Linking DNA changes to milk, health, and more

Genetic changes matter most when they affect traits farmers care about. The scientists therefore overlaid their variant map with known “quantitative trait loci” (QTLs)—regions of the genome statistically linked to traits such as milk production, fertility, body size, meat quality, and disease resistance. Many immune genes carrying strong variants fell within these QTLs, hinting that the same DNA stretch can influence both health and productivity. For example, variants in CD46 were located in regions tied to health, reproduction, and carcass traits, while other genes with disruptive changes were linked to milk yield or meat quality. Analyses of long stretches of identical DNA (runs of homozygosity) and selective sweeps—genomic footprints of past natural or human-driven selection—highlighted a handful of standout genes, such as ANKRD11, MAGI2, FOXP2, TCF12, ATP5PO in Nelore and MEFV and ORIF1 in Gir, that appear to have been strongly favored and are associated with milk and health-related traits.

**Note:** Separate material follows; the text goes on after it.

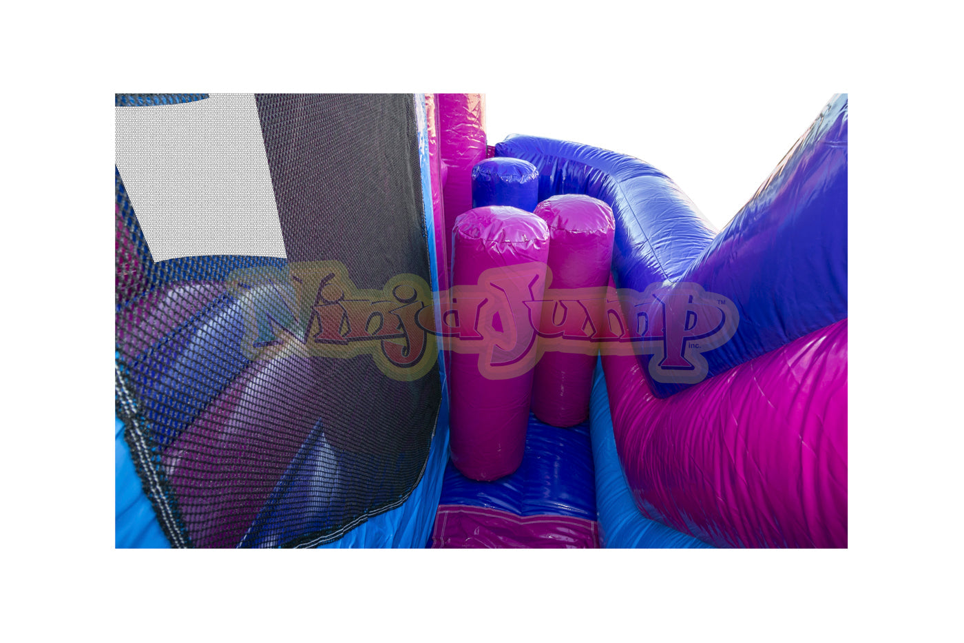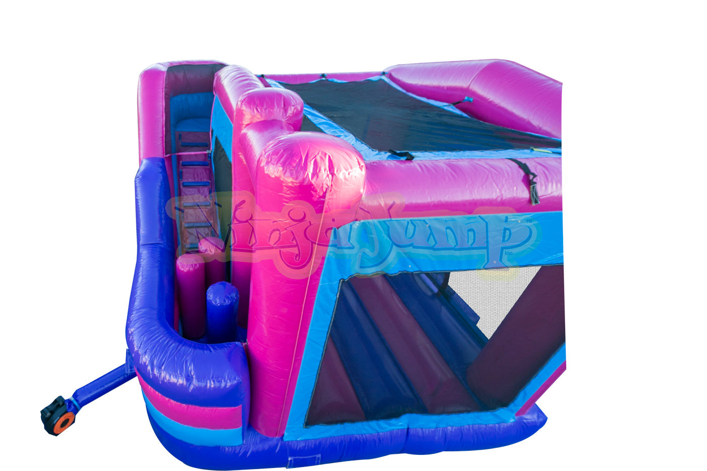 D) No Warranty is provided by EZ Inflatables, Inc. on Zippers, Netting, Mesh. The warranty shall apply to your inflatable plus all accessories, equipment and parts manufactured by EZ Inflatables, Inc.. Wear covers such as entrance covers or mats and slide covers with steps are not warranted beyond the first 90 days after buyer receives the order. These covers are intended to reduce wear on the inflatable and require periodic replacement. A product shall not be considered defective if it is a different color than shown in EZ Inflatables, Inc. catalog and/or website, and no warranty is made relating to color, digital printing or any airbrushing done on any unit. All requests of buyer for all warranty work and replacement are subject to product inspection at EZ Inflatables, Inc. factory in Glendale, California. Ordinary wear and tear will not invalidate EZ Inflatables, Inc. limited warranty, but misuse, improper handling or storage, improper repairs, improper maintenance and care, lack of ground cover under inflatable, or accidental, abusive or negligent treatment of the product will invalidate EZ Inflatables, Inc. warranty. Buyer must use stakes and all tie-down tethers at all times to insure the safety of users and the equipment. This warranty is not a guarantee that the product, will not through use, handling and storage, develop tears or punctures from time to time; the repairs of which are the responsibility of Buyer. Buyer pays a shipment cost to EZ Inflatables, Inc. for repair, and EZ Inflatables, Inc. pays the shipment cost to the Buyer after it has been repaired. No statement, remark or representation of any employee or agent of EZ Inflatables, Inc. may vary this Limited Warranty unless in writing and signed by the President of EZ Inflatables, Inc.. - Other Equipment (not manufactured by EZ Inflatables, Inc.): No warranty of any kind is extended by EZ Inflatables, Inc. but EZ Inflatables, Inc. will, to the extent it can legally and contractually do so, assign to Buyer, at Buyer's request, all warranties on such other equipment, if any, offered by the manufactures or suppliers of such other equipment. The fan motor supplied with your inflatable is covered by the blower manufacturer's own warranty. Any claims of defect in the blower operation must be directed to the blower manufacturer directly for repair or replacement. In case of defects in materials, workmanship or defects arising from the selection of material or procedures of manufacture, such defects must become apparent in the inflatable, equipment or part within 24 months of shipping. The extent of seller's liability under this warranty is to defects in material or workmanship. Defects arising from the selection of material or the processes of the manufacture are limited to the repair of such defects or to the replacement (with item free from the defect in question) of any accessory, equipment, or part which is defective in any of such respectswith the exception of color fading. The extent of seller's liability under this warranty as to defects inherent in design is limited to the correction at our expense of all such defects becoming apparent in the inflatable accessory , equipment or part purchased here within one year of use. Seller is not responsible for any lost revenue as a result of a warranty claim by buyer. Seller is not responsible for replacing any inflatable product as a “LOANER” product during a repair of a warranted product. If a “LOANER” product should be available during the repair, buyer will be responsible for all round trip shipping charges and any damages caused to the inflatable supplied. Seller shall make all such repairs, replacements and corrections with care. This warranty shall become void if inflatable is packed wet or repaired by any other repair agency not approved by EZ Inflatables, Inc..

Immune pathways under the spotlight

Rather than acting in isolation, many of the affected genes cluster in well-known immune signaling routes. The study found that genes with multiple types of variants were enriched in pathways that control how immune cells detect danger and launch responses, including NF-kappaB signaling, T-cell receptor signaling, MAPK signaling, and related cascades. These pathways shape how strongly cattle respond to infections, how they regulate inflammation, and even how they respond to vaccines. The fact that so many variant-bearing genes feed into these circuits suggests that the remarkable hardiness of indicine cattle is not due to a single “super gene,” but to a coordinated re-tuning of the immune system at many points along its wiring.

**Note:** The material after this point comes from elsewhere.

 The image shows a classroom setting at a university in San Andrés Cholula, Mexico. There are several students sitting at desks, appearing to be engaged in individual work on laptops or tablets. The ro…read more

What this means for future herds

For non-specialists, the take-home message is simple: the DNA of Indian cattle carries a rich record of adaptation to tough environments, and many of the key differences sit in genes that govern immune defenses as well as milk and production traits. By pinpointing high-priority genes and genomic regions—such as TLR3, CD46, ANKRD11, MAGI2, FOXP2, TCF12, ATP5PO, MEFV, and ORIF1—this study offers a roadmap for future work to test how these variations affect real-world disease resistance and productivity. With careful validation and responsible breeding, these insights could help design crossbreeding programs that do not trade away resilience for yield, but instead build herds that are both healthier and more productive under the challenging conditions where they are most needed.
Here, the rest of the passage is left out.